Kommentar: Der eigentliche Skandal von Istanbul
17. November 2005Der europäische Fußball hat einen neuen Skandal: Ersatzspieler krankenhausreif getreten, Trainer geschlagen, Journalisten handgreiflich an ihrer Arbeit gehindert - die Fußballwelt ist vollkommen zurecht empört über die Vorfälle im Kabinengang nach dem Ausscheiden der Türkei in der WM-Qualifikation gegen die Schweiz. Überrascht sein darf aber niemand - höchstens deswegen, weil die Sache noch einigermaßen glimpflich abging.

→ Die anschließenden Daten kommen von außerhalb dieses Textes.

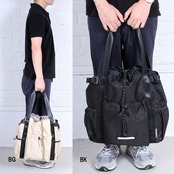 口絞りのデザインが◎ドローコードのデザインもアクセントになるカジュアルトートバッグ
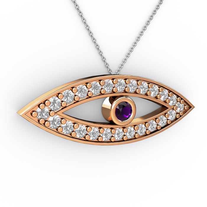 Ametist ve pırlanta 925 ayar rose altın kaplama gümüş kolye (0.264 karat, 40 cm gümüş rolo zincir)
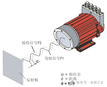 激光发射器发出激光脉冲波时,记录此时激光波的相位F1,当激光波碰到物体后,部分能量返回,当激光接收器收到返回激光波时,记录此时激光波的相位F2,在一定距离范围内,激光扫描器到物体的距离为“d”值,d = f (φ)。
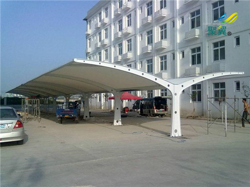 四、膜結構車棚懸掛臂安裝焊接:懸掛臂安裝采用焊接,需檢查焊接節點,調節懸掛臂設計坡度,準確無誤方能進行焊接。靠邊一條懸掛臂準確無誤后,膜結構車棚安裝另一邊一條懸掛臂,就位準確后點焊。
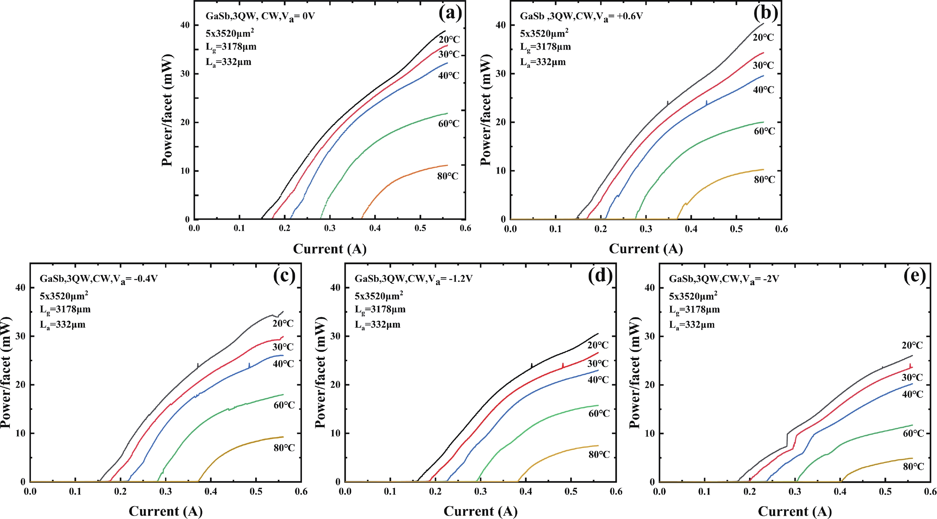 Fig. 3.  (Color online) P−I curves of integrated optical chip at different Va and temperatures (a) Va = 0 V, 20−80 °C; (b) Va = +0.6 V, 20−80 °C; (c) Va = −0.4 V, 20−80 °C; (d) Va = −1.2 V, 20−80 °C; (e)Va = −2 V, 20−80 °C.
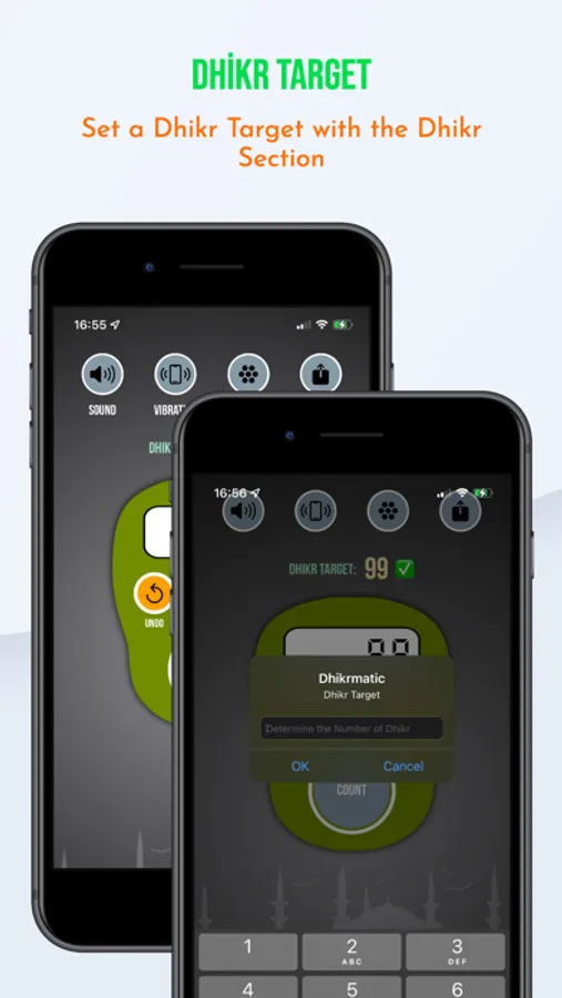 * Our dhikr counter gives warnings such as sound and vibration at every click, so you do not have to constantly look at the screen while dhikr.
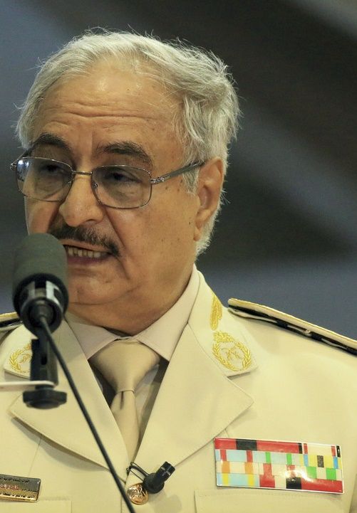 A fotón Halifa Haftár tábornok, líbiai hadúr látható. A szalagsávjai miatt tettem fel, ugyanis kép alapján úgy tűnik, mintha az egész egy rugalmas műanyag lapra lenne nyomtatva.
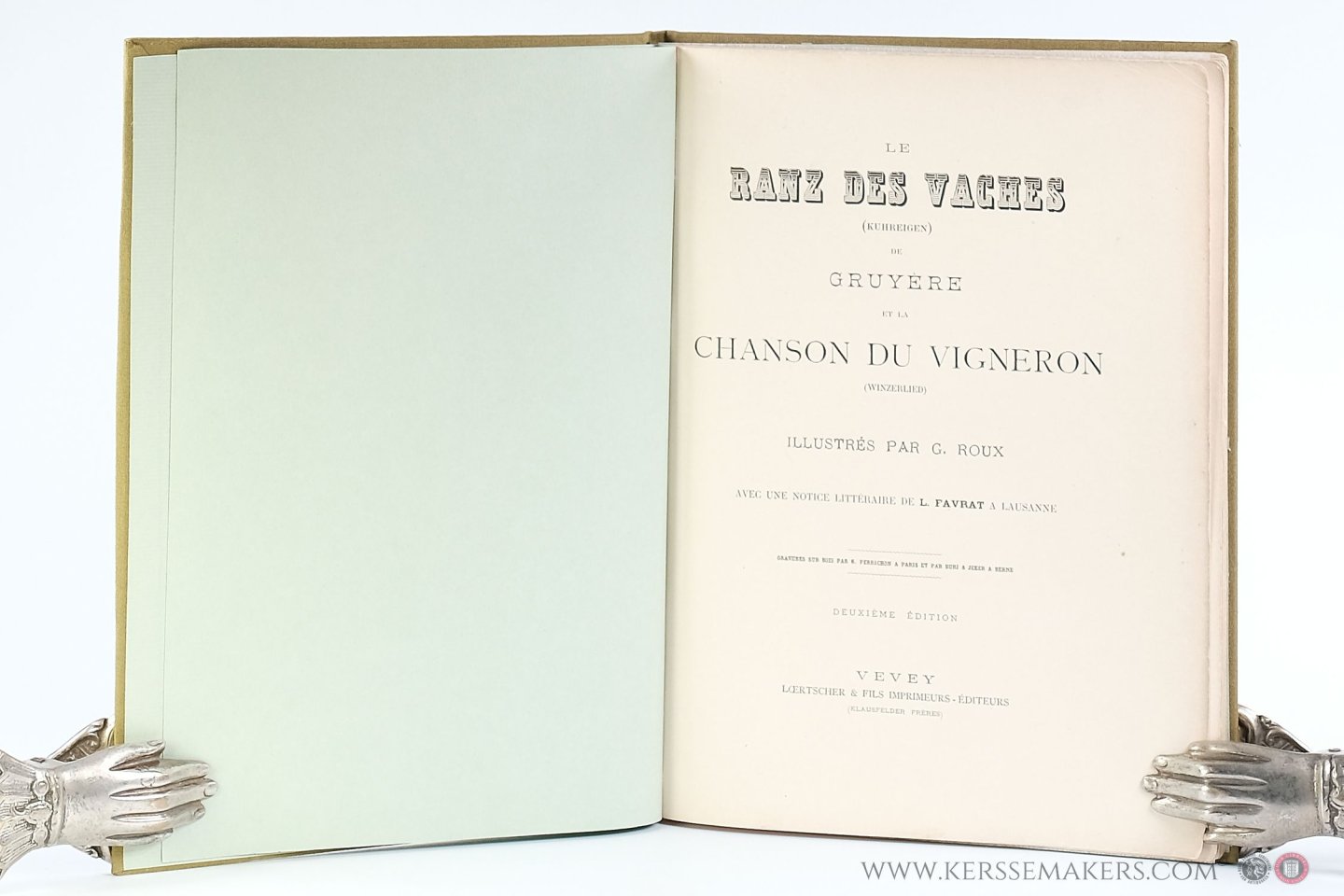 | Titel: | Le ranz des vaches (Kuhreigen) de Gruyère et La Chanson du vigneron (Winzerlied). Illustrés par G. Roux. Avec une Notice littéraire de L. Favrat à Lausanne. Gravures sur bois par G. Perrichon à Paris et par Buri & Jeker à Berne. Deuxième é... |

Die Tritte und Schläge, die Schikanen für die Schweizer Mannschaft am Istanbuler Flughafen, die Eier und die Steine, die auf der Fahrt zum Hotel an den Schweizer Mannschaftsbus flogen, sie haben eine Vorgeschichte. Dies ist der eigentliche Skandal und der begann schon am Wochenende davor in Basel: Mit Abpfiff des Hinspiels hatte sich angesichts der enttäuschenden 0:2 Niederlage ein ganzer Chor an Scharfmachern dazu entschlossen, an den Emotionen zu zündeln. Eine unselige Allianz aus Trainer Fatih Terim, Offiziellen und Journalisten entwarf Verschwörungstheorien und geißelte vermeintliche Verletzungen der türkischen Ehre - alles mit dem Ziel, im Rückspiel in Istanbul vielleicht noch ein paar Funken mehr Leidenschaft in die Mannschaft und die Zuschauer zu bringen. An vorderster Front der Aufpeitscher: Der ultra-nationalistische Manager der türkischen Nationalmannschaft, Davut Disli.
Nichts wäre falscher, dies als türkische Fußballfolklore ab zu tun und deshalb zu verharmlosen. Vor diesem für den türkischen Fußball zukunftsweisenden Spiel eine regelrechte Hass-Kampagne gegen die Schweiz zu starten, zeugt von strafbarer Verantwortungslosigkeit. Schließlich war es in Istanbul, wo im Jahr 2000 zwei englische Fußballfans erstochen wurden. Es war in Istanbul, wo deutsche U21-Junioren nach einem Sieg in der EM-Qualifikation 2003 türkische Enttäuschung zu spüren bekamen und im Kabinengang verprügelt wurden. Selbst der Schiedsrichter des Spiels wurde damals am Kopf verletzt und musste mit zwei Stichen genäht werden.
Vielleicht ist es zu viel verlangt, von den leidenschaftlichen türkischen Fans Fairness und Respekt vor dem Gegner zu erwarten. Man muss aber von den Offiziellen des türkischen Fußballverbandes erwarten können, dass sie die Fans in Zukunft nicht noch zusätzlich aufhetzen.
Ob eine drakonische Strafe der FIFA wie etwa der Ausschluss von der nächsten WM einer positiven Entwicklung des türkischen Fußballs zuträglich wäre, sei einmal dahin gestellt. Bei der WM 2006 wird Deutschland nun ohnehin keine türkische Mannschaft begrüßen können - fraglos die größte Überraschung der WM-Qualifikation überhaupt. Sportlich ist dies ein Verlust: Es sei schließlich nicht vergessen, dass die Türkei bei der letzten Weltmeisterschaft als Dritter Schlagzeilen machte.
Der Weg der Türkei in die Weltspitze ist somit erstmal verbaut - vielleicht die Möglichkeit für den ohnehin von Korruption gebeutelten türkischen Fußball über einen Mentalitätswechsel nachzudenken. Sonst wird es wohl für den türkischen Fußball weiter schlechte Nachrichten geben. Wie etwa diese von Anfang November: Die Europäische Fußball-Union hat die Bewerbung der Türkei zur Austragung der Europameisterschaft 2012 frühzeitig abgelehnt.